大数据 Shuffle 原理与实践 | 青训营笔记

这是我参与「第四届青训营」笔记创作活动的的第8天

shuffle概述

经典shuffle过程

map阶段：在单价上进行的针对一小块数据的计算过程。
shuffle阶段：在map的基础上，进行数据移动，为后续的reduce阶段做准备。
reduce阶段：对移动后的数据进行处理，依然是在单价上处理一小份数据。
为什么shuffle对性能非常重要 ?
- M *R次网络连接
- 大量的数据移动
- 数据丢失风险
- 可能存在大量的排序操作
- 大量的数据序列化，反序列化操作
- 数据压缩
为什么shuffle如此重要？
- 数据shuffle表示了不同分区数据交换的过程，不同的shuffle策略性能差异较大。目前在各个引擎中shuffle都是优化的重点，在spark框架中，shuffle是支撑spark进行大规模复杂数据处理的基石。

shuffle算子

常见的触发shuffle的算子
- repartition
  - coalesce、repartition
- ByKey
  - groupByKey、reduceByKey、aggregateByKey、combineByKey、sortByKeysortBy
- Join
  - cogroup、join
- distinct
  - distinct
算子使用例子

val text = sc.textFile("mytextfile.txt")
val counts = text
  .flatMap(line => line.split(" "))
  .map(word => (word,1))
  .reduceByKey(_+_)
counts.collect

Spark中对shuffle的抽象-宽依赖、窄依赖
- 窄依赖：父RDD的每个分片至多被子RDD中的一个分片所依赖
- 宽依赖：父RDD的每个分片可能被子RDD中的多个分片所依赖

算子内部的依赖关系

Shuffle Dependency

构造函数

A single key-value pair RDD, i.e.

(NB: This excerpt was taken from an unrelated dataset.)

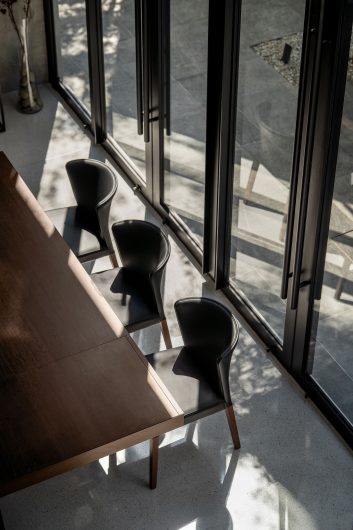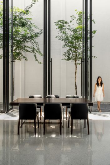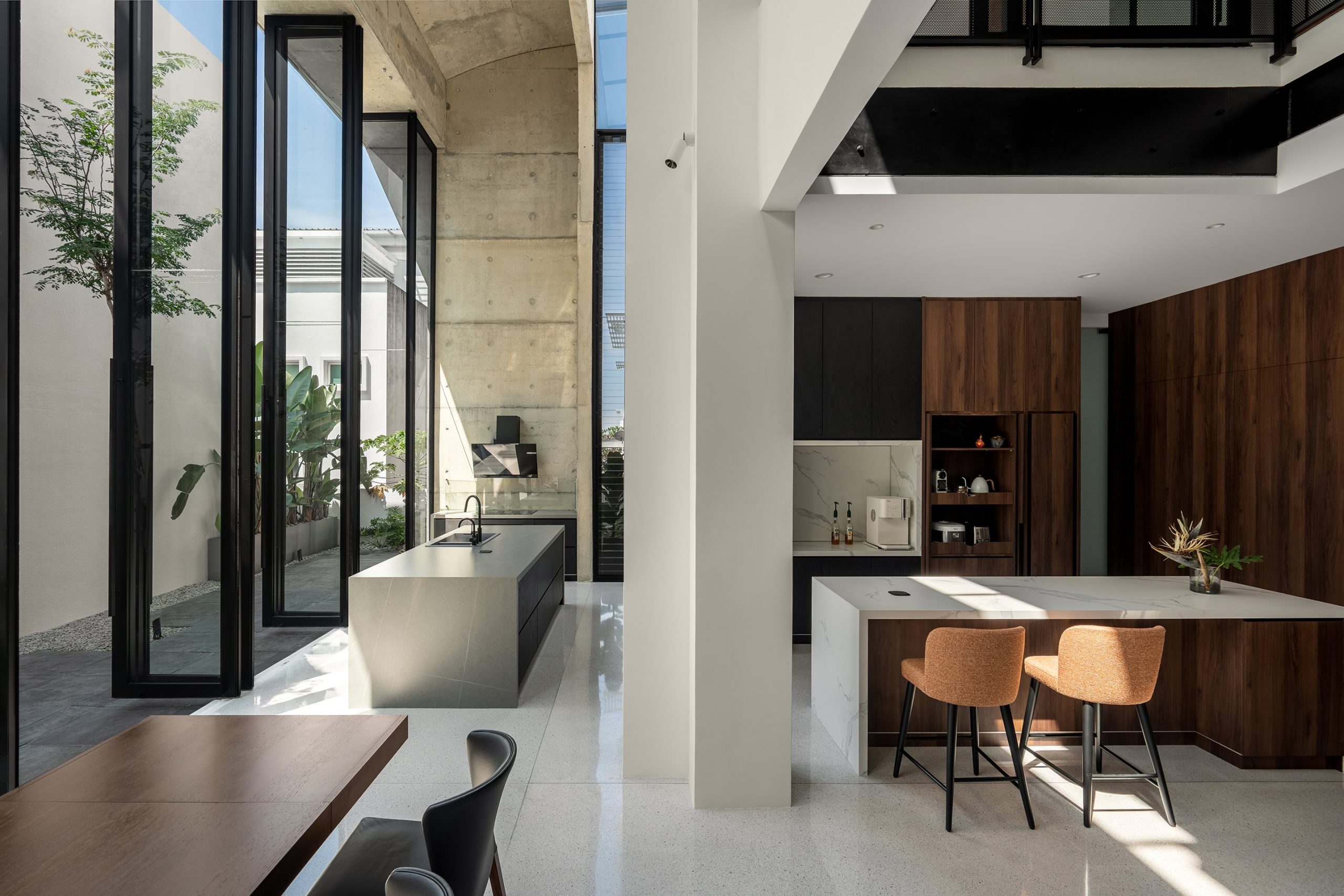 The extension takes the form of a double-height hall that accommodates dining and wet kitchen functions, programs traditionally pushed to the rear of Malaysian houses. Twelve full-height pivoting glass panels line the garden edge, allowing the space to operate across varying degrees of openness. When opened, the hall dissolves into the landscape; when closed, it remains visually continuous while protected from tropical rain. Overlooked by the upper floors, this semi-outdoor hall becomes the social heart of the house.

RDD[Product2[K, V]],
Partitioner (available as partitioner property),
Serializer,
Optional key ordering (of Scala’s scala.math.Ordering type),
Optional Aggregator,
mapSideCombine flag which is disabled (i.e. false) by default. 1. Partitioner
两个接口：numberPartitions、getPartition

abstract class Partitioner extends Serializable{
    def numPartitions: Int
    def getPartition(key: Any): Int
}

经典实现：HashPartitioner

class HashPartitioner(partitions: Int) extends Partitioner {
    require(partitions >= 0,s"......")
    
    def numPartitions: Int = partitions
    
    def getPartition(key: Any): Int = key match {
        case null => 0
        case _ => Utils.nonNegativeMod(key.hashCode,numPartitions)
    }
}

Aggregator

createCombiner：只有一个value的时候初始化的方法
mergeValue：合并一个value到Aggregator中
mergeCombiners：合并两个Aggregator